The ruling from the Second Circuit Court of Appeals was swift and categorical. The three-judge panel found no basis to disturb the jury's 2023 verdict, which concluded that Trump sexually abused Carroll in a Bergdorf Goodman dressing room in the mid-1990s and later defamed her by calling her a liar. Trump's legal team had argued that the trial was tainted by improper evidence and that the damages were excessive. The judges weren't buying it. “The evidence was more than sufficient to support the jury's findings,” they wrote in an unsigned opinion. “The award does not shock the judicial conscience.”

The Long Road to Justice

For Carroll, now 82, this moment has been decades in the making. She first went public with her accusation in 2019, as Trump was in the White House. The response was predictable: Trump denied everything, called her a “nut job,” and insisted he'd never met her. But Carroll had evidence—two friends she'd told about the assault at the time, and a photograph of her and Trump at a department store event in 1987 that placed them in the same building.
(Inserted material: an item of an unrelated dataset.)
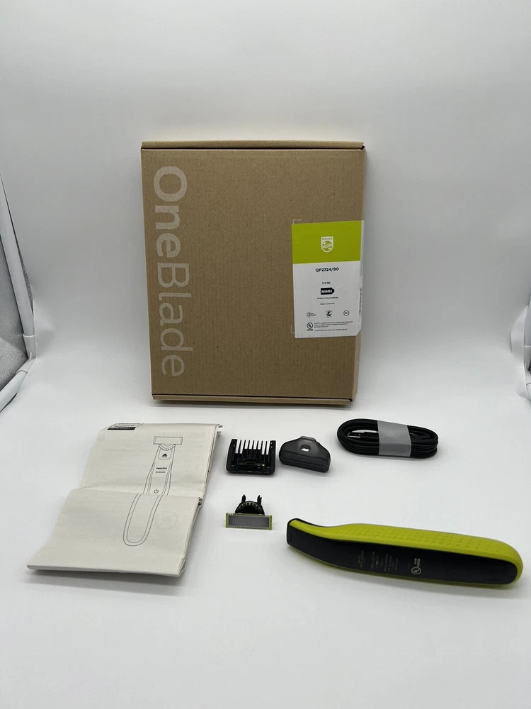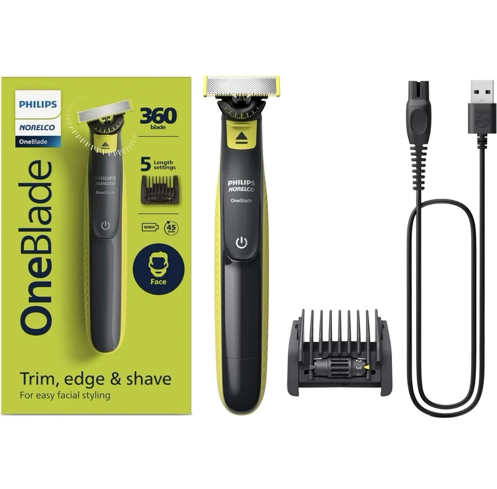 Philips Norelco OneBlade 360 Face Hybrid Electric Beard Trimmer QP2724/90 (Q7(4) It’s brand new, open box. OneBlade Technology: the fast-moving cutter (12,000x min) is efficient, even on longer hairs; the dual Protection System with glide coating plus rounded tips makes shaving easier and more comfortable Innovative 360 Blade: it can flex in all directions to enable constant skin contact and control; easily trim and shave, even the most difficult-to-reach areas with fewer passes and greater comfort¹ Designed to cut hair not skin: trim your beard to an even stubble length with the 5in1 comb (1-5mm), create precise edges thanks to the dual-sided blade, and shave off any length of hair easily Easy grooming anywhere: take it in the shower and use wet or dry; 45-minute battery with USB charging and compact handle make it the perfect travel companion The set includes: 1x Philips Norelco OneBlade 360, 1x 360 Blade, 1x 5in1 adjustable comb (1-5mm), 1x protection cap, 1x USB-A charging cable, a user manual (power adapter not included)

The case took years to wend its way through the courts, stalled by Trump's claims of presidential immunity and endless procedural motions. The Supreme Court eventually cleared the way for the case to proceed in 2023, and a Manhattan jury took just a few hours to find Trump liable. The $5 million award was modest by Trump standards—$2 million for the sexual abuse, $2.7 million for defamation—but the symbolic weight was enormous. A jury had formally held a former president liable for sexual assault.

“The evidence was more than sufficient to support the jury's findings. The award does not shock the judicial conscience.” — Second Circuit Court of Appeals

Trump's Legal Labyrinth

This is just one thread in a tangled web of legal troubles that Trump has been navigating since leaving office. He's already been convicted on 34 felony counts in a New York hush-money case, and faces multiple other civil and criminal proceedings. The Carroll verdict was one of the few that actually stuck—others have been dismissed or are still winding through the system.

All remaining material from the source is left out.